Primary Localized Cutaneous Nodular Amyloidosis on a Toe: Clinical Presentation, Histopathology and Dermatoscopy Findings

Author Affiliation(s)


Amyloidosis represents a group of diseases characterized by extracellular deposition of amyloid and is traditionally classified as systemic or localized. Primary localized cutaneous nodular amyloidosis (PLCNA) is the rarest form of cutaneous amyloidosis, usually occurring equally among genders. It manifests as single or multiple nodules or infiltrated plaques, usually localized on the face, particularly the nose, genitals, trunk, and limbs. Progression to systemic involvement is quite uncommon, occurring in approximately 7% of cases [ 1 ] .

Case Presentation

A 71-year-old-man from São Paulo, Brazil, with no comorbidities, presented with a 5-year history of an asymptomatic single, soft, large, elongated pink nodule in the toe web along the fourth left toe ( Figure 1, A and B ). Polarized contact dermoscopy showed white shiny streaks on orange-pink background ( Figure 1C ). A local ultrasound examination revealed a hypoechoic tumor measuring 2.3 × 1.3 × 1.2 cm that extended to subcutaneous tissues. Differential diagnostic possibilities as acral manifestations of soft tissue tumors including superficial acral fibromyxoma, inclusion body fibromatosis, and acral fibrokeratoma were considered. Histopathology from a punch biopsy showed an epidermis with focal mild spongiosis, parakeratosis, and lymphocyte exocytosis together with a proliferation of desmoplastic spindle cells with a nonspecific lymphoplasmocytic inflammatory process.

Figure 1 .

(A, B) Clinical presentation of a single, soft, pink nodule on the fourth left toe. (C) Polarized contact dermoscopy of the lesion showing birefringent properties present as shiny white structures on orange-pink background. (D) Histopathological examination of the lesion shows hyaline eosinophilic nodular deposits, with spindle-shaped cells throughout the dermis. (E) Histopathological characteristics of the lesion, using Congo red staining evidencing presence of a brick-red deposit in the dermis. [Copyright: ©2019 Ferreira et al.]

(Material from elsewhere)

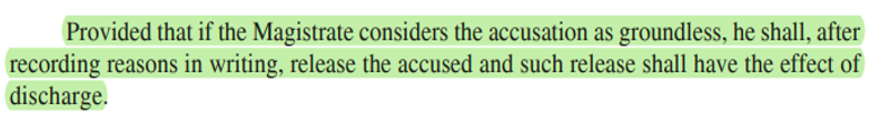 To recall, in Warrants and Sessions cases, the court was specifically empowered to discharge the accused if no prima facie case was made out.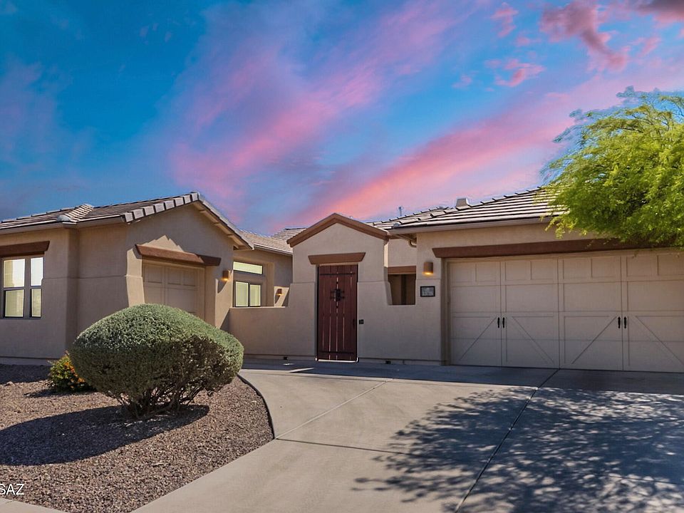 Tucked away in the serene and desirable Oro Valley private enclave of gated Siena at Rancho Vistoso, this single-story treasure offers a spacious 2779 sqft of comfortable living (enhanced by new HVAC installation - 06/2025). Enter through the towering front gate leading to the courtyard with substantial entertainment space. The courtyard leads to the home's front door, the door to the 3rd garage bay and the slider entrance to the Guest Casita which houses the 4th bedroom, walk in closet and full bath. The entry foyer showcases an intricate natural stone medallion, and public areas feature an open floorplan with classic 18'' tile as well as soaring 12' ceilings, large, picturesque windows and 8' interior doors. The light and bright Great Room, with gas fireplace opens to the hi-end kitchen featuring gorgeous 42" staggered cabinets with pullouts, 5-burner gas cooktop, a walk-in pantry, counter seating, a roomy breakfast nook, granite counters and counter-to-cabinet mosaic backsplash. The laundry room includes abundant storage, counter space and sink. The generous primary suite has a shuttered bay window looking out to backyard; the primary bath offers 2 vanities, 2 walk-in closets, a garden tub and separate shower. The marvelous backyard encompasses a covered patio with ceiling fans, a built-in stacked-stone BBQ with extended counter seating. Enhancing the area are sections of refreshing "turf", and easy-care plantings. Both the two-car and single-car garages have easy-care epoxy floors and enclosed storage. This lovely home is well-suited for comfortable full-time living or as a seasonal residence. Enjoy the Arizona lifestyle behind the beautiful gates that encompass this elite subdivision. Look in Documents tab for both the FEATURES AND DETAILS and THE FABULOUS LOCATION of this lovely home.

Immunohistochemical examination was inconclusive. Histopathology from complete excision showed that throughout the dermis, there were nodular deposits of hyaline and eosinophilic material, with spindle-shaped cells ( Figure 1D ). Hyaline-like, eosinophilic material was also seen in the walls of small vessels and subcutaneous tissue. Congo red staining showed the presence of a brick-red deposit in the dermis ( Figure 1E ), which under polarizing microscopy showed apple-green birefringence. The diagnosis of PLCNA was established based on clinical findings and histopathology in the absence of systemic manifestations of amyloidosis. Beside the lesion on the foot, the patient was asymptomatic. Complete blood cell count, B-glucose, electrophoresis, ANA test, urine test, and Bence Jones protein test results were normal. Abdominal ultrasound and chest X-ray showed nothing remarkable. No systemic manifestations of amyloidosis were identified. The patient is undergoing 6-month follow-up intervals with clinical and laboratory examinations. After 1 year no recurrence was detected.


We describe a rare presentation of primary cutaneous amyloidosis located on an uncommon body site. Polarized dermoscopy examination could have contributed to the clinical suspicion of the correct diagnosis in this case. Skin lesions with an altered composition or orientation of collagen will often reveal, under polarized dermoscopy, shiny white streaks [ 2 ] . In polarized dermoscopy of lichen amyloidosis, the deposition of amyloid substance with birefringent properties in the dermis is reported to be visualized as shiny white streaks [ 2 ] . A case report of dermoscopy of PLCNA described an orange hue, otherwise seen in dermal granulomatous skin disorders, as a clue for diagnosis [ 3 ] . The dermoscopic pattern of polarization-specific white structures in a background of orange-pink color, present in our case, could be an additional feature that can contribute to the PLCNA diagnosis.

Dermoscopic findings of PLCNA have not been extensively described in the literature, and we suggest that polarized dermoscopy can be a complementary and useful aid for noninvasive diagnosis.


  1. Nodular localized primary cutaneous amyloidosis: a long-term follow-up study Woollons A, Black MM. Br J Dermatol.2001;145(1):105-109.
  2. “Shiny white streaks” in lichen amyloidosis: a clue to diagnosis Arnold SJ, Bowling JC. Australas J Dermatol.2012;53(4):272-273.
  3. A unique dermoscopy pattern of primary cutaneous nodular amyloidosis mimicking a granulomatous disease Rongioletti F, Atzori L, Ferreli C, et al. J Am Acad Dermatol.2016;74(1):e9-e10.